Since the term "procuring" is not defined in the TAA, courts and the labor commissioner must
construe it "according to its ordinary, contemporary, common meaning." Human Life of Wash.
Inc. v. Brumsickle, 624 F.3d 990, 1021 (9th Cir. 2010) (citations omitted).
Likewise, as the TAA does not define the term "negotiate," the term should be construed
according to its common meaning: to "(1) try to reach an agreement or compromise by
discussion with others "his government's willingness to negotiate" synonyms: discuss terms,
talk, consult, parley, confer, debate. (2) Find a way over or through (an obstacle or difficult
path). "there was a puddle to be negotiated" synonyms: get around, get past, get over, clear,
cross." Oxford Dictionary of Current English (2009). "Procure" means "to get possession of,
obtain, acquire, to cause to happen.
These two terms are clearly different: "Procure" is related to getting, bringing about, creating
an opportunity; "negotiation" has to do with refining and finding agreement to the specific
terms of a solicited opportunity.

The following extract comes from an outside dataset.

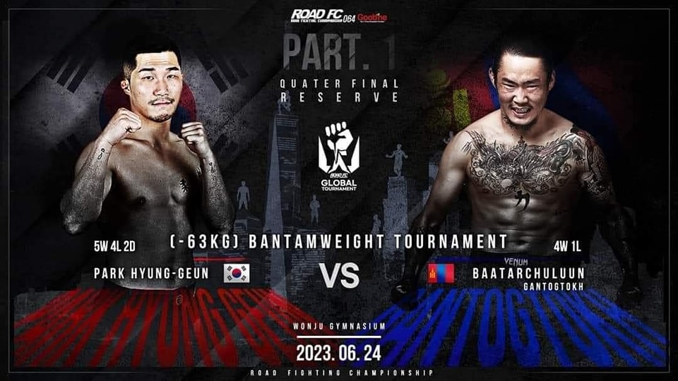 Зургадугаар сарын 24-ний өдөр -63 kg-ын жинд “BANTAMWEIGHT Road FC” холбоонд “Garuda mma” тамирчин кикбоксын Зүүн Азийн аварга Баатарчулууны Гантогтох, Солонгос Улсын “SSADI MMA” Клубийн тамирчин Пак Хён Гынь-тай тулалдах юм. Мөн өдөр -70 кг-ын жинд “Road FC” холбоонд М.Нандин-Эрдэнэ, Бразилийн тамирчин Филип Жесүс-тэй тулалдана.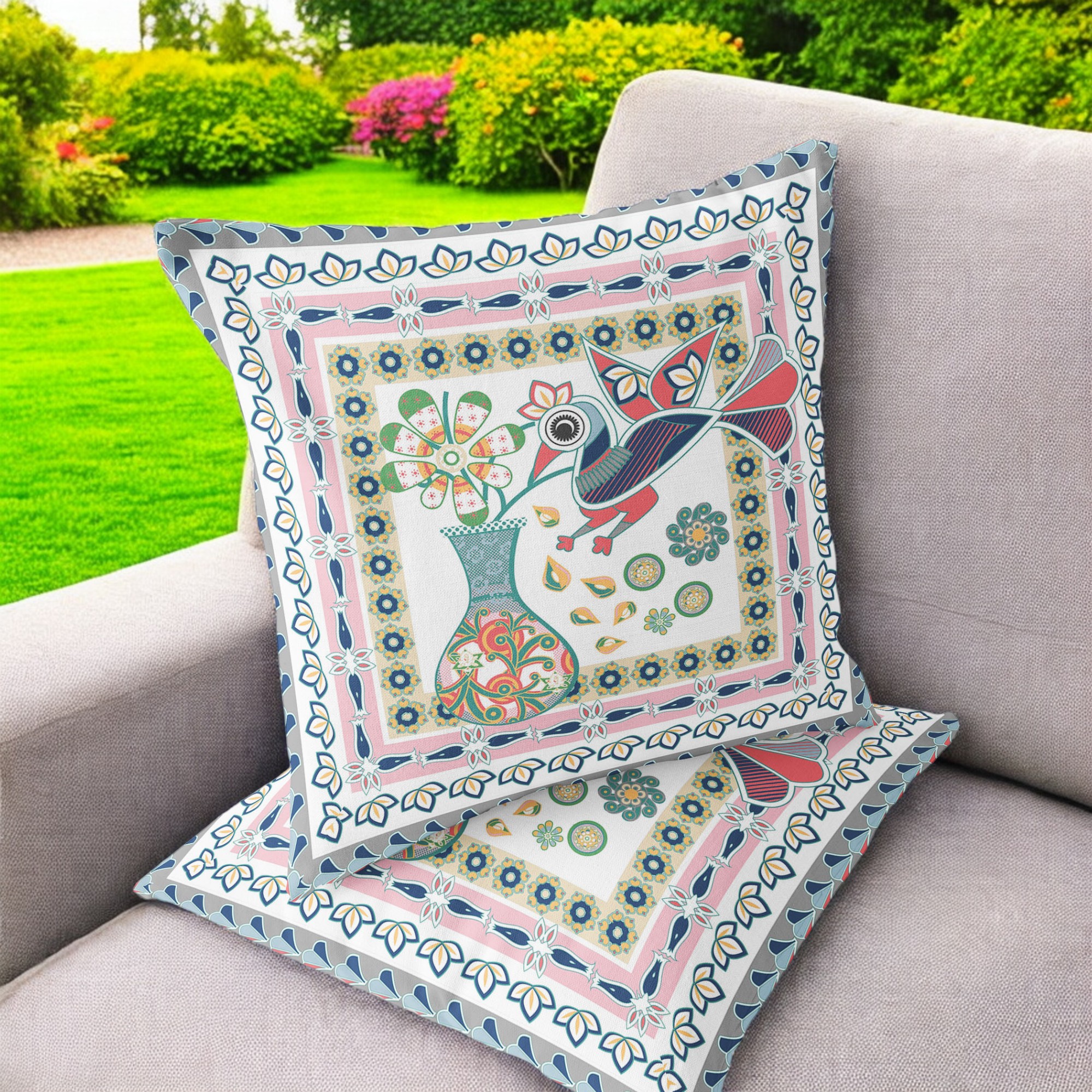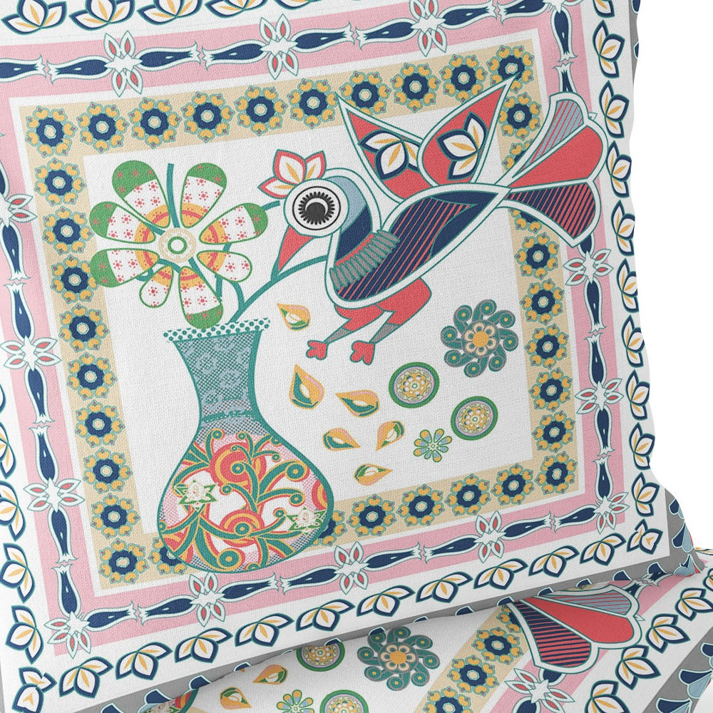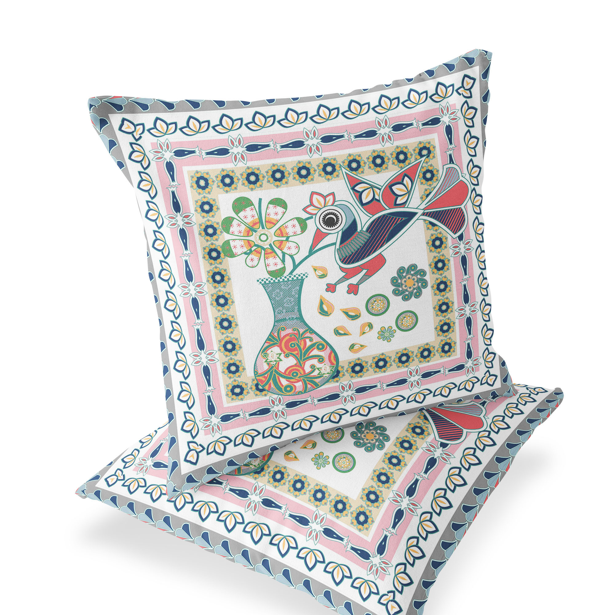 Love Your Vase Peacock Indoor/Outdoor Set of 2 Pillows in White Pink Gray

As borne out by a simple check of a thesaurus, the terms
"procure" and "negotiate" are not synonymous. To go further: Both terms have multiple
synonyms and none of the synonyms are synonymous to each other.

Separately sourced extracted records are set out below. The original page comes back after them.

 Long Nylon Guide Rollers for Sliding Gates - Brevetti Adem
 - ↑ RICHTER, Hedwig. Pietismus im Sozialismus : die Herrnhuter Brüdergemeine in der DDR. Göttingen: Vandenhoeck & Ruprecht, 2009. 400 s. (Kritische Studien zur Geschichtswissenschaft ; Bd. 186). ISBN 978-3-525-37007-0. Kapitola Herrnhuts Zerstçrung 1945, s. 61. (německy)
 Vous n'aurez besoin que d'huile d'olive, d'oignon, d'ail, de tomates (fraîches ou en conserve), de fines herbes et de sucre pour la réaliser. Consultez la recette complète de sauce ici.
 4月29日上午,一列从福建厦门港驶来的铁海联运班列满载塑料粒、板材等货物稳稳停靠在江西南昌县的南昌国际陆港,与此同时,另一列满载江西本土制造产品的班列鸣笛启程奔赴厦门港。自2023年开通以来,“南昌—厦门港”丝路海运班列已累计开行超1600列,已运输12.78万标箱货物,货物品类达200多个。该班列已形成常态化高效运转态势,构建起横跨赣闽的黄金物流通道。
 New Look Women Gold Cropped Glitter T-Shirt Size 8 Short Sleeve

Had this argument been forwarded in Solis, the labor commissioner may well have found a
talent agency license was not needed to negotiate a deal for an artist that the representative
did not procure.
The labor commissioner could come into play in two other ways. The agents may petition to
stay the lawsuit, claiming that as an agent/artist issue it must first be adjudicated at the
administrative agency. The commissioner has historically opined that packaging has nothing to
do with procurement, and thus their getting fees directly from the employer is a not a violation
of Cal. Lab. Code Section 1700.39.
Conversely, as packaging is, in short, a reward for bringing key employees to work on a project,
WGA members could individually petition the commissioner for relief against either packaging
or agencies' conflicts of interest of owning production entities. Especially under this level of
scrutiny, and with subsequent determinations holding that making a deal that requires future
employment is within the jurisdiction of the TAA, the next ruling may favor the artists over the
agents.
It all points to a long, protracted fight, potentially resulting in a huge disruption to how show
business is transacted. The writers appear to be on solid legal ground. Moreover, it will be
awkward for the Guild to first sue the agents for acting unlawfully, then subsequently decide to
allow the illegality to continue if the writers get to share enough of the ill-gotten booty.

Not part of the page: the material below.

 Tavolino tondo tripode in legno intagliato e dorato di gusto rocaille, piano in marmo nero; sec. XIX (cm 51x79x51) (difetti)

Perhaps the question of resolution depends on how long and how hard the ATA is willing to
fight for the status quo. They have the fiscal ability to defend a legal fight, but without quick
resolution, will the agents' ex-clients feel a need to come back? Will the agencies with strong
revenue streams in production and partnerships simply tether their literary and acting
departments, as MCA did six decades ago? Will a court or the labor commissioner say that
personal managers can procure without worry of future consequences, either based on the
WGA's decision or because of a current court challenge to the TAA's constitutionality.
As the agents have the most to lose, they also have the most to save. It will be interesting to
see if the ATA can transition from bravado and threats to making a proposal acceptable to the
Guild without compromising their large agencies' long-term business objectives.